■ **What to work on**: From the records that follow, return exactly the lines beginning at the one that contains "ANKARA'DA SABAH SAATLERINDE" and ending at the one that contains "- Rahat, M.M.;", pictures left out.

___ Raw data ___

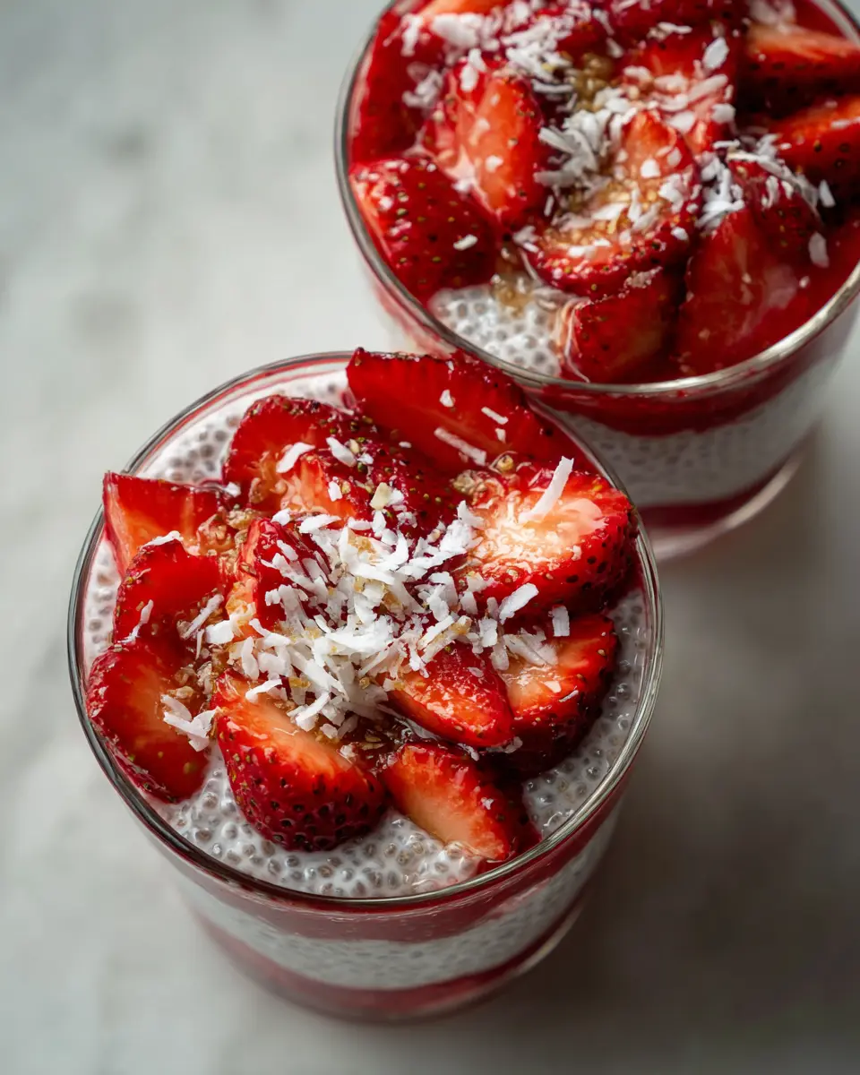 Layer the chia seed pudding in glass cups with the sliced strawberries for a beautiful presentation. Top with additional strawberries, shredded coconut, or granola for added texture and flavor.
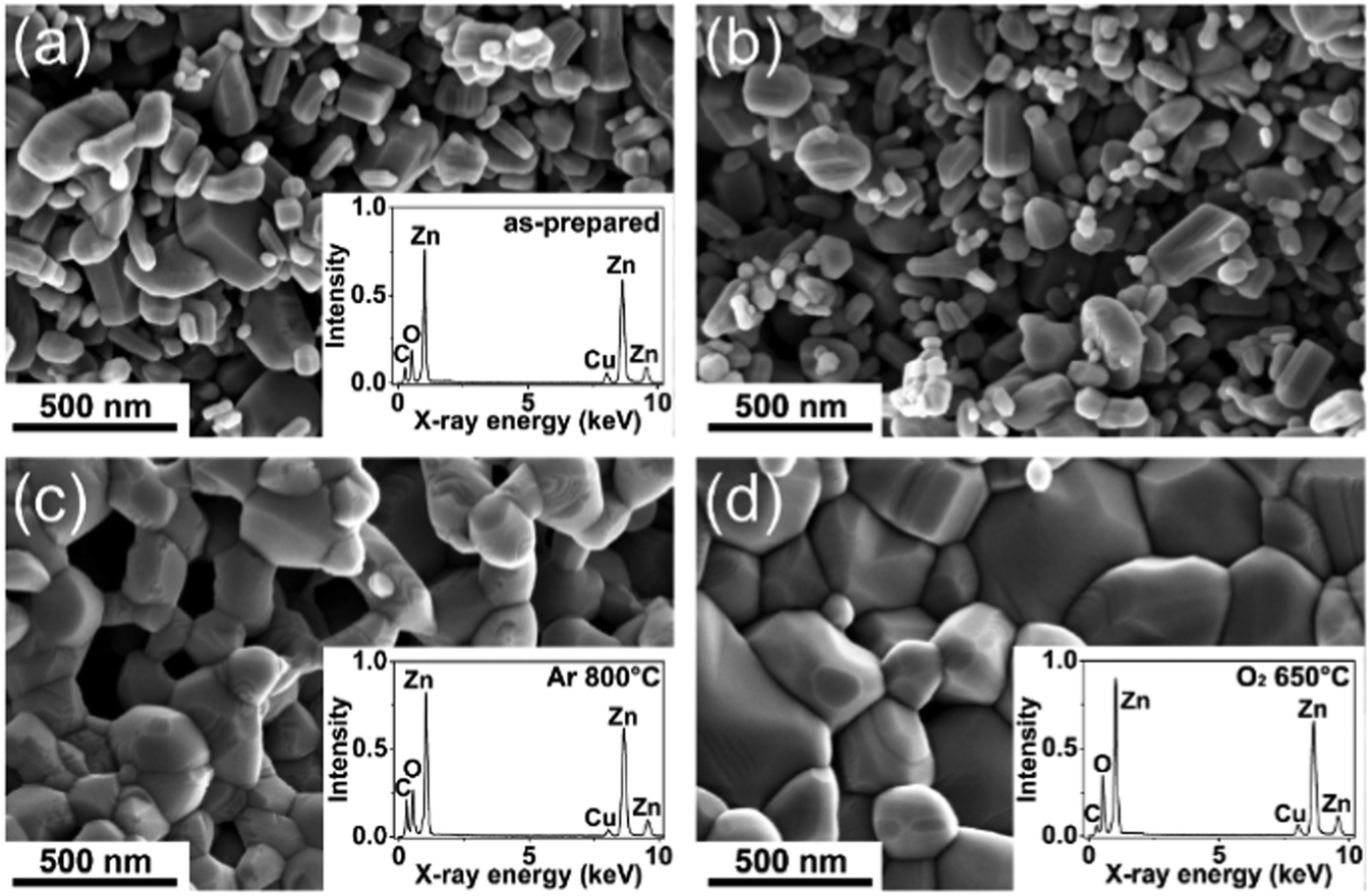XRD patterns of the ZnO samples are summarized in Fig. 2, where all resolved XRD peaks can be indexed to the wurtzite phase of ZnO (space group P63mc; lattice parameters a = 3.245 Å and c = 5.207 Å), consistent with the values in the standard card (JCPDS card No. 36-1451). No other phases from impurities were detected within the resolution limits.
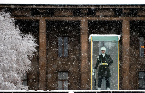 ANKARA'DA SABAH SAATLERINDE BASLAYAN KAR YAGISI SURUYOR. TBMM GIRISINDE KAR YAGISI ALTINDA NOBET TUTAN ASKER BOYLE GORUNTULENDI.
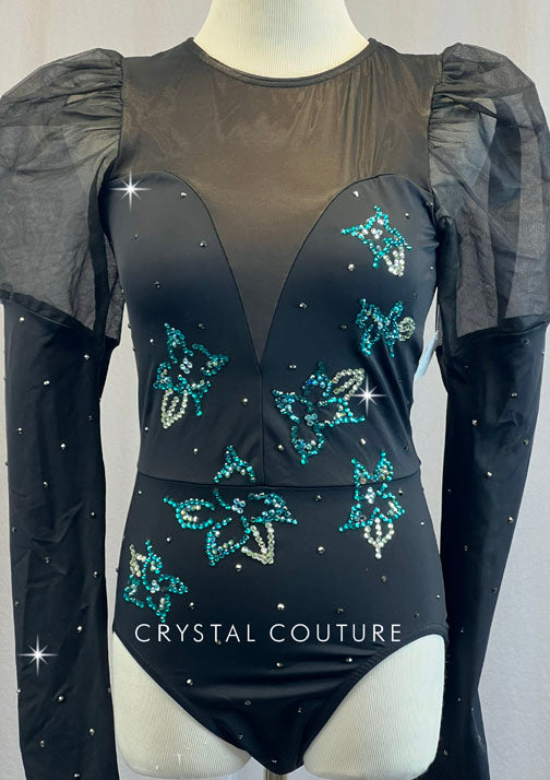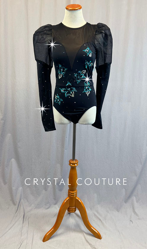 Black Long Sleeve Leotard with Tulle Puffed Shoulders - Rhinestones
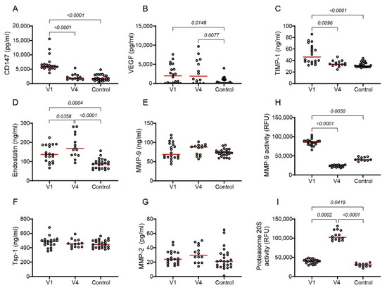 - Rahat, M.M.; Sabtan, H.; Simanovich, E.; Haddad, A.; Gazitt, T.; Feld, J.; Slobodin, G.; Kibari, A.; Elias, M.; Zisman, D.; et al. Soluble CD147 regulates endostatin via its effects on the activities of MMP-9 and secreted proteasome 20S. Front. Immunol. 2024, 15, 1319939. [Google Scholar] [CrossRef]
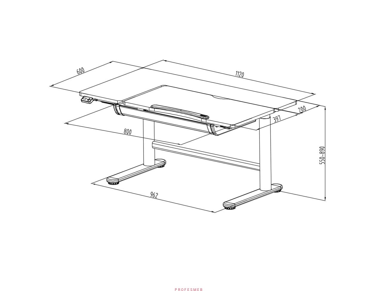 BIURKO ELEKTRYCZNE DLA DZIECI ENDO Z REGULACJĄ WYSOKOŚCI BLATU I SZUFLADA NACHYLENIE BLATU DO 40° 1120 x 600 mm UNIQUE

___

■ **Answer space**:
 ANKARA'DA SABAH SAATLERINDE BASLAYAN KAR YAGISI SURUYOR. TBMM GIRISINDE KAR YAGISI ALTINDA NOBET TUTAN ASKER BOYLE GORUNTULENDI.
 Black Long Sleeve Leotard with Tulle Puffed Shoulders - Rhinestones
 - Rahat, M.M.; Sabtan, H.; Simanovich, E.; Haddad, A.; Gazitt, T.; Feld, J.; Slobodin, G.; Kibari, A.; Elias, M.; Zisman, D.; et al. Soluble CD147 regulates endostatin via its effects on the activities of MMP-9 and secreted proteasome 20S. Front. Immunol. 2024, 15, 1319939. [Google Scholar] [CrossRef]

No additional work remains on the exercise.